Biden, afinal, capitalizara o fastio americano na reta final do mandato de Trump, alimentado pela sua condução errática do combate à pandemia.
O democrata, contudo, não teve uma vitória fácil, tendo virado votos decisivos ante uma massa enorme que divide o país em azul e vermelho, com sinais cromáticos inversos em relação ao que acontece no resto do mundo.
No poder, prometeu o que até Michel Temer havia prometido em 2016, pacificar o país. Está a léguas disso. Na sua política externa, manteve como seria previsível boa parte da rota trumpista, apenas burilando sua forma de interação com o mundo, mas quase nada do conteúdo: China e Afeganistão estão aí para exemplificar.
Em casa, a questão texana do aborto é altamente simbólica. Estados de extração mais conservadora sempre buscaram apertar restrições contra a prática, esbarrando em recursos feitos à Suprema Corte por entidades pró-aborto contra as autoridades.
Desta vez, o Senado texano usou um artifício novo. Primeiro, criou uma regra que inviabiliza o aborto após o coração do feto bater, algo como seis semanas.

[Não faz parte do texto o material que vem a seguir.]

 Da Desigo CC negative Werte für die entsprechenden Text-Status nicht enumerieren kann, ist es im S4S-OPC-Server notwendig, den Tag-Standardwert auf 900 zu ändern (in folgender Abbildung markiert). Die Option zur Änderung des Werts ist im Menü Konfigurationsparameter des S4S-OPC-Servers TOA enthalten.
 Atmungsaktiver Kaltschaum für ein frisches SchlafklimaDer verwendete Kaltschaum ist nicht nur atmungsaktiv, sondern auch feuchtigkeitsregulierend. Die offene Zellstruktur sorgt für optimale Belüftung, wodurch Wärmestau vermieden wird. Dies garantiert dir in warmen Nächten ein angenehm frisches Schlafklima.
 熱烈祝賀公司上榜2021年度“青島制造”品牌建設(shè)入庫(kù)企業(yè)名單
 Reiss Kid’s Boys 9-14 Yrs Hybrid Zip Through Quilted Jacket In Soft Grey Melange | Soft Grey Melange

Com isso, talvez 85% das interrupções feitas no estado em 2020 teriam sido vetadas se a lei já valesse.
Nem gravidez provocada por estupro ou incesto é isenta da regra.
Mas o truque veio com o empoderamento individual para a aplicação da lei: a ação contra pessoas que ajudam mulheres a abortar fora dos parâmetros draconianos colocados deve ser feita por pessoas físicas ou entidades de direito privado, não pelo estado.

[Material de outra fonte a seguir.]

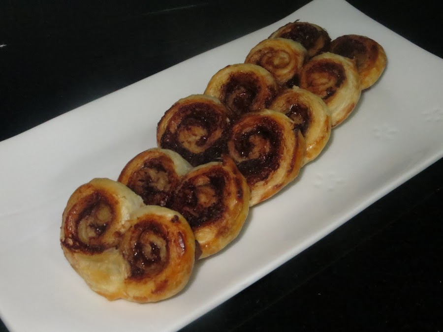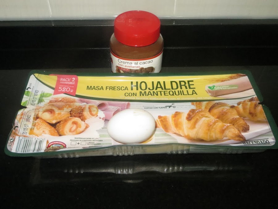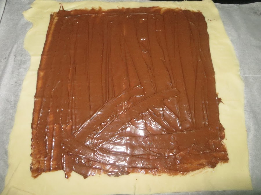 Extendemos la masa de hojaldre sobre la encima, hacemos una señal en la mitad del hojaldre para saber dónde tenemos que doblar. A continuación, ponemos una capa fina de nutella encima del hojaldre. Dejamos unos cuantos centímetros en los bordes para que no se nos salga. Ahora en verano no hace falta porque hace calor, pero si veis que la nutella está un poco dura, la metéis unos segundos al microondas para que sea más fácil manejarla.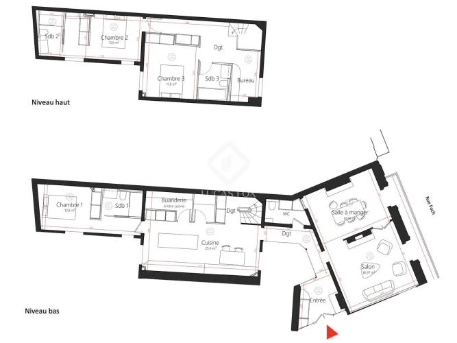 Lucas Fox International Properties, in the sought-after Golden Triangle area of Montpellier, between the Arc de Triomphe, the prefecture and the Saint-Anne church, apartment in a charming Haussmannian building currently being renovated (roof, facades, entrance, staircase and installation of an elevator). On the 2nd floor, a dual-aspect apartment comprising a traditional part and an unusual part (duplex). The 143 m² of which it is composed are arranged as follows: (bourgeois part) entrance hall, living room and dining room opening onto delightful city balconies with a view overlooking the Arc de Triomphe and its rue Foch (unusual part) eat-in kitchen, 3 bedrooms and two shower rooms. Ideal for residential, office, or commercial use. This charming apartment offers great potential. A private cellar and shared bike/scooter storage area are available. Interior renovations are planned, and it is possible to subscribe to a "works contract" allowing you to be accompanied by an architect for the complete renovation of the apartment. The total budget (land + works) would amount to €796,000. The completion of the building renovation work is scheduled for June 2025. Information on the risks to which this property is exposed is available on the Géorisques website: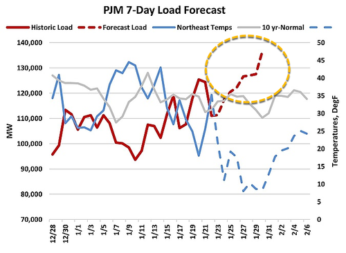 PJM observed demand flows are already pointing higher on the Criterion Mapping Analytics Platform – and the cold is only starting to migrate in.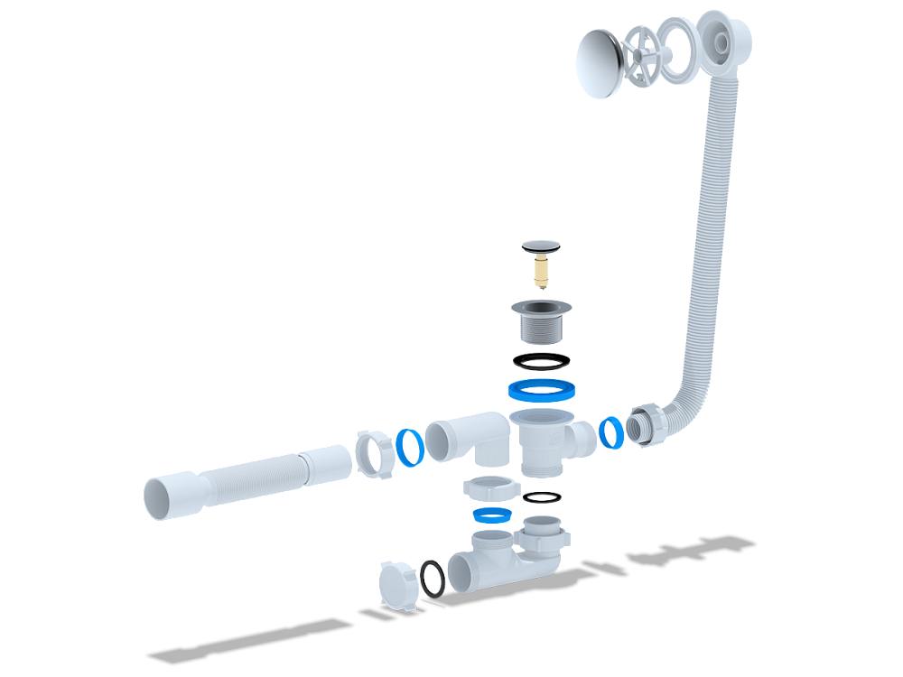 Герметичные соединения предотвращают протечки и появление неприятных запахов, поддерживая чистоту и комфорт в ванной комнате, создавая приятную атмосферу. -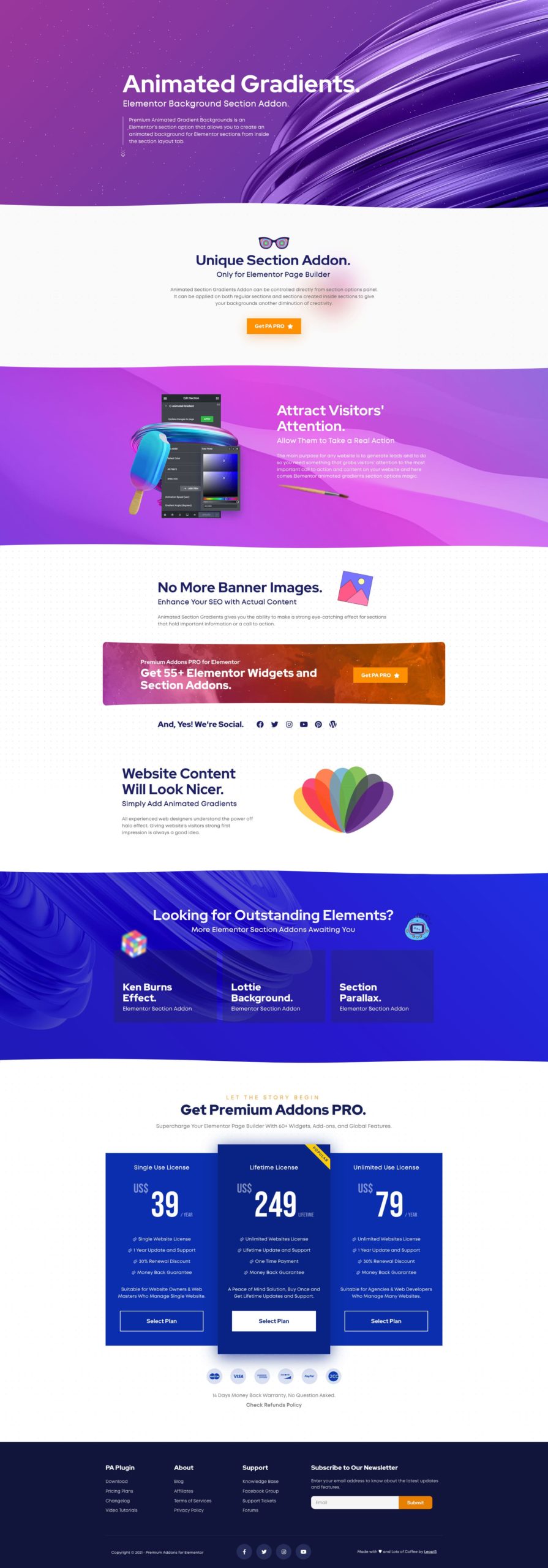 Add Animated Gradient colors to your Elementor sections using Premium Animated Gradients Background Section Add-on.

Se ganhar a causa, o acusador ainda leva US$ 10 mil para casa, além de custos processuais. Se perder, fica por isso.
Desta forma, sem autoridades envolvidas, tudo deve ocorrer no nível da Justiça estadual, e não em cortes federais que são obrigadas a seguir a decisão Roe vs. Wade, de 1973.

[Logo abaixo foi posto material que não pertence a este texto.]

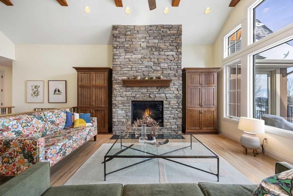 A curved driveway winds through mature landscaping, creating a strong sense of arrival as the home comes into view. Inside, soaring vaulted ceilings with exposed beams and rich hardwood floors set the tone in the main living area, where a striking stone fireplace anchors the space and invites both quiet evenings and larger gatherings.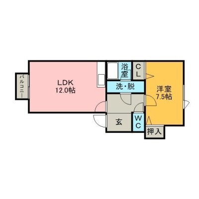 1LDK(46.57m²)└ LDK12×洋7.5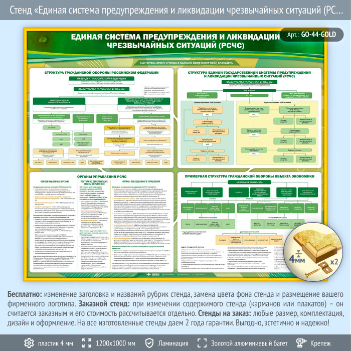 Стенд «Единая система предупреждения и ликвидации чрезвычайных ситуаций (РСЧС)» (GO-44-GOLD) в Альметьевске купить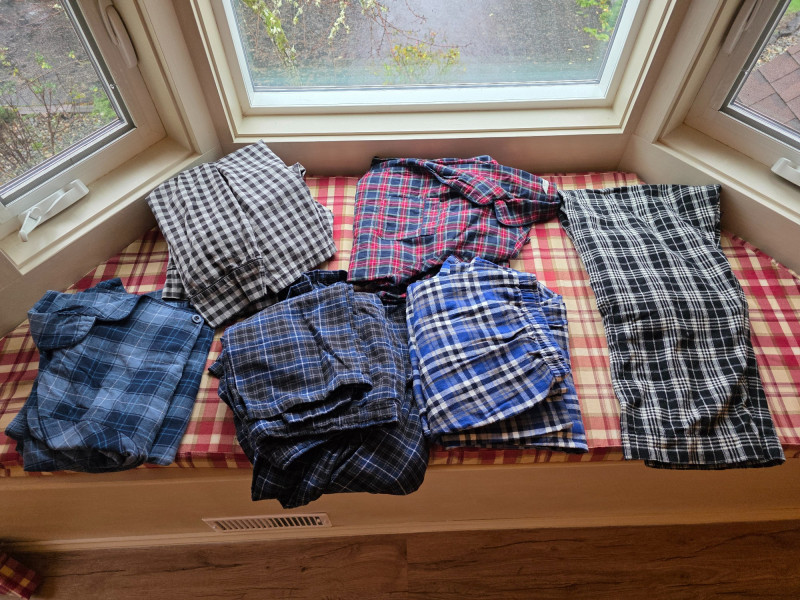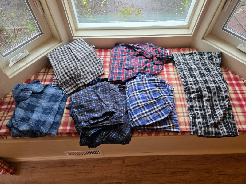 (6) Men's Pajama/Lounge Shirt & Pants Sets - Size XL Noble Mount, Storo, David Archy Woolrich (pants) In good clean condition! 11 pieces in all!

A Suprema Corte foi instada a se manifestar e decidiu não interferir na decisão texana, por 5 votos a 4. Como já aconteceu antes, seu presidente, o conservador John Roberts, votou com os três juízes liberais indicados por presidentes democratas.
Em um sinal trocado com o debate no Brasil, onde o presidente trumpista é crítico da Suprema Corte, Biden queixou-se da decisão -mas nem por isso sugere protestos públicos, como Bolsonaro faz mirando o 7 de Setembro.
Além de ver iniciativas no Congresso contra a decisão, o democrata pode reviver uma ideia que ventilou nos estertores do governo Trump, quando o republicano indicou uma conservadora para o tribunal após a morte de Ruth Bader Ginsburg, ícone dos liberais.
Primeiro, o Partido Democrata tentou impedir a indicação, alegando que Trump não poderia fazer isso a oito dias da eleição.
Depois, foi ventilada a hipótese de que Biden poderia poderia ampliar a composição da Suprema Corte, hoje com nove integrantes, de forma a amainar o peso da maioria de seis juízes conservadores que vai se manter até algum deles morrerem ou decidirem se aposentar.
No poder, Biden criou uma comissão para analisar o tema e, nesta quinta (2), sua porta-voz disse que ele "não mudou de ideia" acerca da ampliação.
Na América do Sul, dois líderes adotaram tal visão: o esquerdista Hugo Chávez, que levou o plano a cabo na Venezuela em 2003, e o então candidato a presidente Bolsonaro em 2018 -que por ora prefere apresentar pedidos de impeachment de ministros da corte.
Isso mostra que embates entre Poderes ocorrem sob quaisquer colorações ideológicas. No caso específico americano, a traquinagem jurídica do Texas tende a ser reproduzida por estados conservadores governados por republicanos, provando que a guerra cultural está viva e passa bem nos EUA de Biden.